Source data
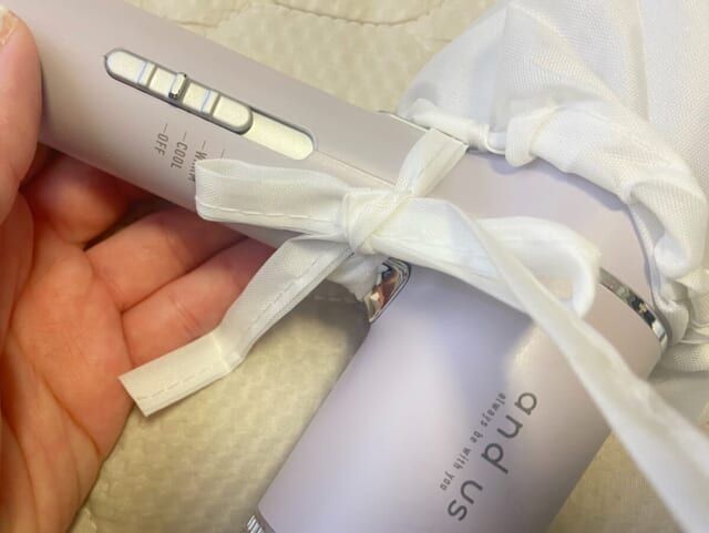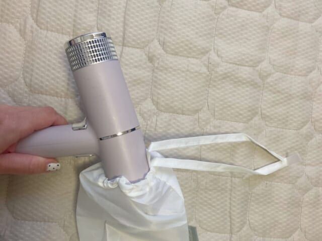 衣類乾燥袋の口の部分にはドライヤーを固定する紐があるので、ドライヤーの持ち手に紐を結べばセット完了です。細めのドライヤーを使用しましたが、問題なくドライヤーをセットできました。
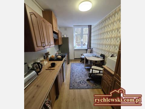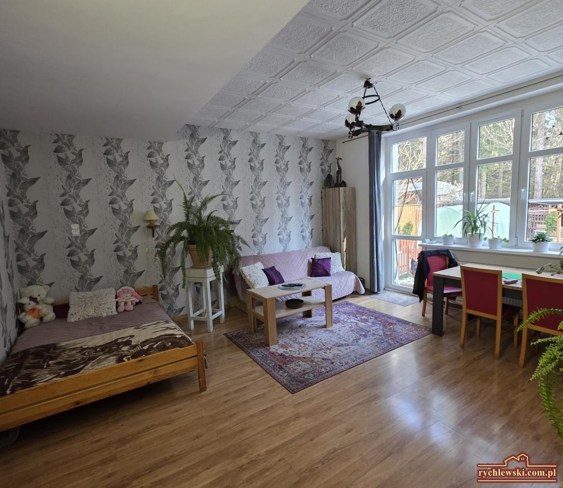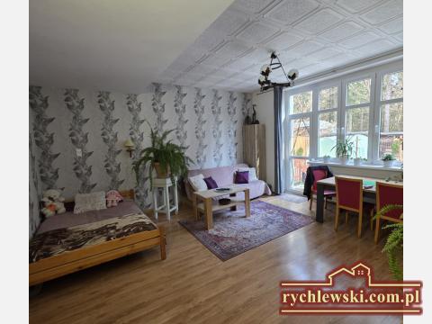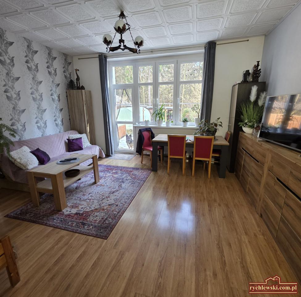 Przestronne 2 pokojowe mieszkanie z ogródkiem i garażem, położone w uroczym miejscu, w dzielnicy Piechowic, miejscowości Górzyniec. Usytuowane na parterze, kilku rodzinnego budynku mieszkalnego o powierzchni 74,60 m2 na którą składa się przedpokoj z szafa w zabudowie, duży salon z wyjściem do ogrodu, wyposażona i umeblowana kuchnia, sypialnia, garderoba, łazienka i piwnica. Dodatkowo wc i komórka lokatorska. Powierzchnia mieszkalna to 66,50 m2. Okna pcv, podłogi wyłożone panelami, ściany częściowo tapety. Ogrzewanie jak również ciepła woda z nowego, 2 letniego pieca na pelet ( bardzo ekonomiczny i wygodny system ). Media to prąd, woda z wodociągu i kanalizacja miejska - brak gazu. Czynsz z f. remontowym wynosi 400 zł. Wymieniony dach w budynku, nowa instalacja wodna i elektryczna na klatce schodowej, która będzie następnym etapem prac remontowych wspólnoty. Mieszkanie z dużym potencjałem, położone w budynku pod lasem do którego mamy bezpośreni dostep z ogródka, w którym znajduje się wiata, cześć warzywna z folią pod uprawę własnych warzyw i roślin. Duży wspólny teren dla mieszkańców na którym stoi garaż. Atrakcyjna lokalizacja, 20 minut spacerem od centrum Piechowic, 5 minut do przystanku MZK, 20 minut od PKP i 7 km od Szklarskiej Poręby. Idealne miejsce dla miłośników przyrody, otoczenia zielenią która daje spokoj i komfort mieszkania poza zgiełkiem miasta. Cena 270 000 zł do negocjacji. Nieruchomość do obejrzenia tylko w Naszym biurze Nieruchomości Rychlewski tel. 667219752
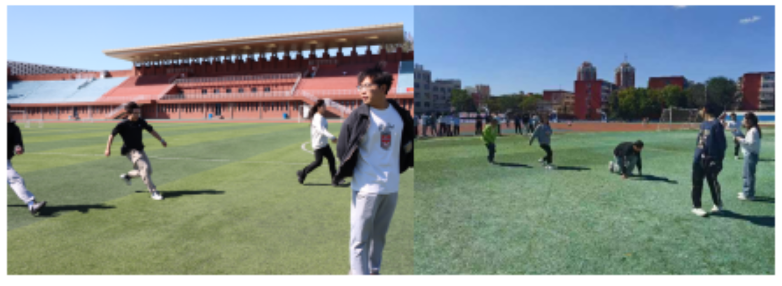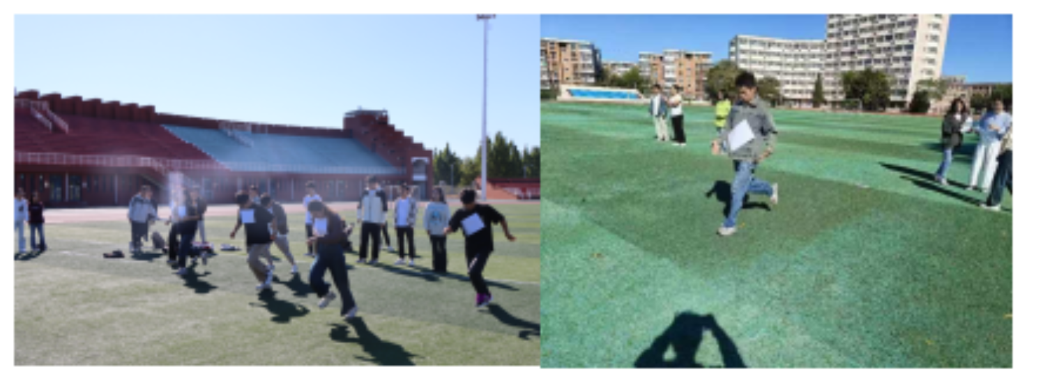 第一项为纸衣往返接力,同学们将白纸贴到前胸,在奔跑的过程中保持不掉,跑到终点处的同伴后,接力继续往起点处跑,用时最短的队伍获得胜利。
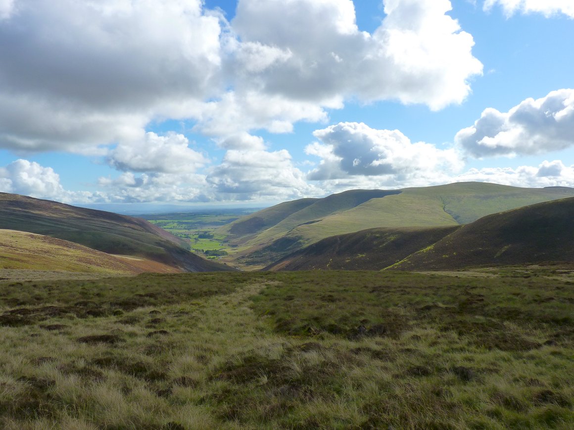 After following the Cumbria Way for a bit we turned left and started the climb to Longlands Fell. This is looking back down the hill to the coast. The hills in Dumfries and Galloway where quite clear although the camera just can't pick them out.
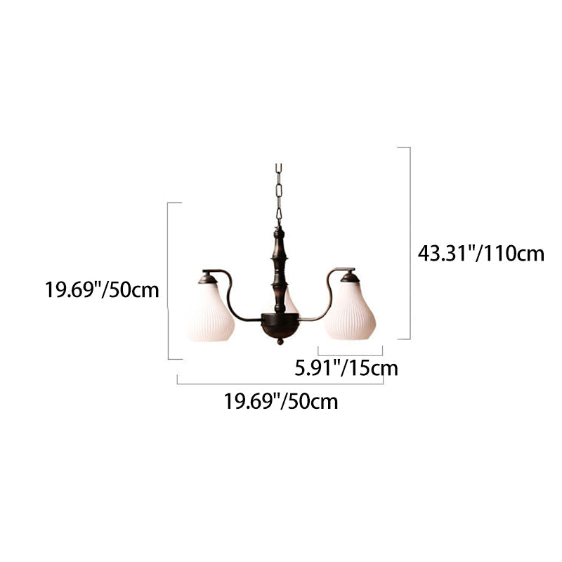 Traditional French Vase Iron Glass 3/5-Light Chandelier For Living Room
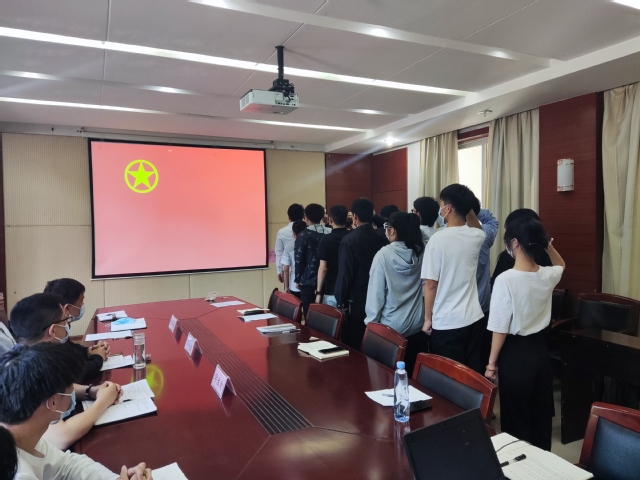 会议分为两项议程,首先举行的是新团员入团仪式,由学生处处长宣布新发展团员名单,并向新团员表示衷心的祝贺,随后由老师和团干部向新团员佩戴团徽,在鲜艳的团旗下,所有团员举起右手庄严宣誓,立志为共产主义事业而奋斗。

- _EXERCISE PROMPT_:
Retype, exactly and only, the lines from the one containing "After following the" through the end of the entries, both ends included, and omit all pictures.

- _EXERCISE ANSWER_:
 After following the Cumbria Way for a bit we turned left and started the climb to Longlands Fell. This is looking back down the hill to the coast. The hills in Dumfries and Galloway where quite clear although the camera just can't pick them out.
 Traditional French Vase Iron Glass 3/5-Light Chandelier For Living Room
 会议分为两项议程,首先举行的是新团员入团仪式,由学生处处长宣布新发展团员名单,并向新团员表示衷心的祝贺,随后由老师和团干部向新团员佩戴团徽,在鲜艳的团旗下,所有团员举起右手庄严宣誓,立志为共产主义事业而奋斗。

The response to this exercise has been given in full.